На эти вопросы Забродина у Савелия, разумеется, ответов нет. Он соглашается с предложением Забродина подготовить собрание в институте и выступить с критикой, но это – согласие лишь на словах. Савелий еще до встречи с Забродиным ясно представляет себе свою роль, добровольно им же самим выбранную: «Я человек маленький, мне что скажут, то я и делаю…» Он воображает, как Забродин обратится к нему с вопросом: «Я спрошу тебя о самом главном, за самое больное зацеплю. «Совесть у тебя есть?“ – спрошу». И уже после настоящего, а не воображаемого разговора с Забродиным Савелий размышляет: «Не будет больше покоя в институте… Не будет больше покоя… Никогда мне не будет теперь покоя… Увольняться надо… Да, да, увольняться!.. Сегодня же…»
Эти слова не только заключают рассказ, но и завершают конфликт между борцом и обывателем, который выше всего ценит личный покой, которому глубоко враждебна социальная активность гражданина.
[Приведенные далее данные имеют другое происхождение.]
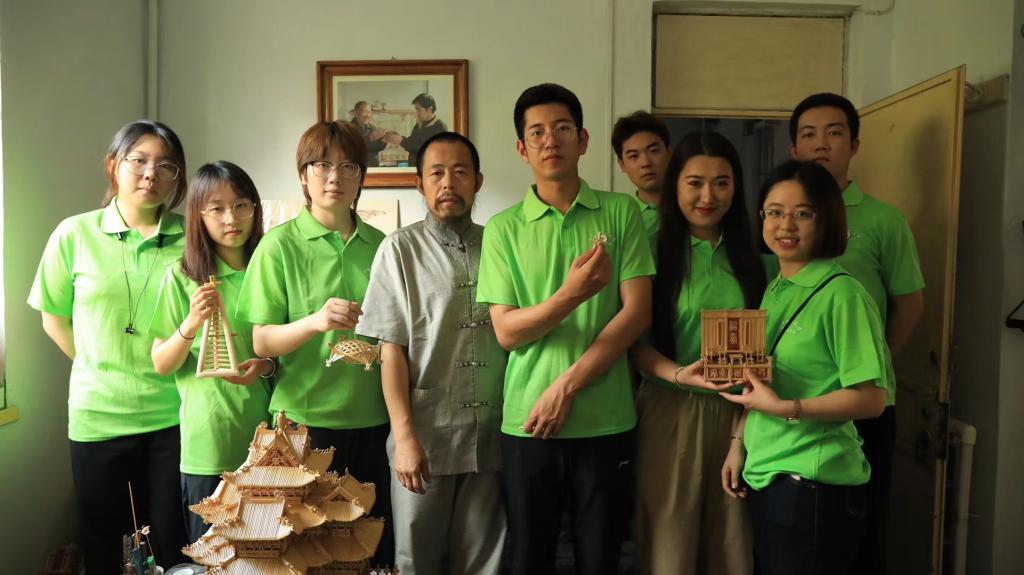 高粱秸秆工艺项目主要流传在石家庄市井陉矿区,本次实践小分队走访了高粱秸秆的传承人赵渊老先生,实地观察了高粱秸秆成品作品,详细了解了高粱秸秆的制作工艺。在走访过程中,老先生对一件件艺术品的创作过程进行了讲述,并简明扼要的将搭建结构的技巧倾授给了小分队。

Отклики на рассказ «Хобби инженера Забродина» были самые разноречивые – вплоть до резкого «разноса»: где, мол, автор увидел такие равнодушные коллективы?.. Но – характерная деталь – этот рассказ через полтора с лишним десятка лет после его написания был включен одновременно в несколько сборников: «Ленинцы» (Москва, издательство «Молодая гвардия», 1985), «Коммунисты» (Москва, «Художественная литература», 1986), «В рабочем порядке» (Москва, «Советский писатель», 1986). Недаром говорится, что время – лучший судья!
Не только в антагонизме персонажей проявились черты, во многом определившие облик Черноусова–прозаика. В рассказе прозвучала дорогая ему тема человека, повелевающего новейшей техникой, – об этом писатель еще скажет в полный голос. Нет, это не «технарь», ничего, кроме техники, не знающий, а широко, по–государственному мыслящий гражданин своей страны, современник своей эпохи, понимающий, что машина не может быть «злой» или «доброй» – все зависит от того, в чьих руках она находится. В характере Забродина живет неуемная страсть во всем «докопаться до корня». Показательно, что он читает Ницше, желая критически разобраться в сути его теории. В позднейших повестях А. Черноусова его герои будут ночами просиживать над книгами, чтобы постичь причины живучести религиозных догм («Чужие») или проследить, где учение Платона входит в противоречие с материалистической философией («Практикант»).
Наконец, в рассказе «Хобби инженера Забродина» проглядывает стремление автора к постановке социальных вопросов, к анализу обстоятельств, предопределяющих отношение людей к делу, которое им доверено.
В центральной прессе прозвучали одобрительные голоса, отметившие смелость молодого прозаика, обратившегося к важной теме.
Участие в V Всесоюзном совещании молодых писателей (1969 г.), публикация рассказов и повестей в журналах и книгах, издаваемых в Москве и Сибири, привели А. Черноусова к решению сделать литературу своей профессией.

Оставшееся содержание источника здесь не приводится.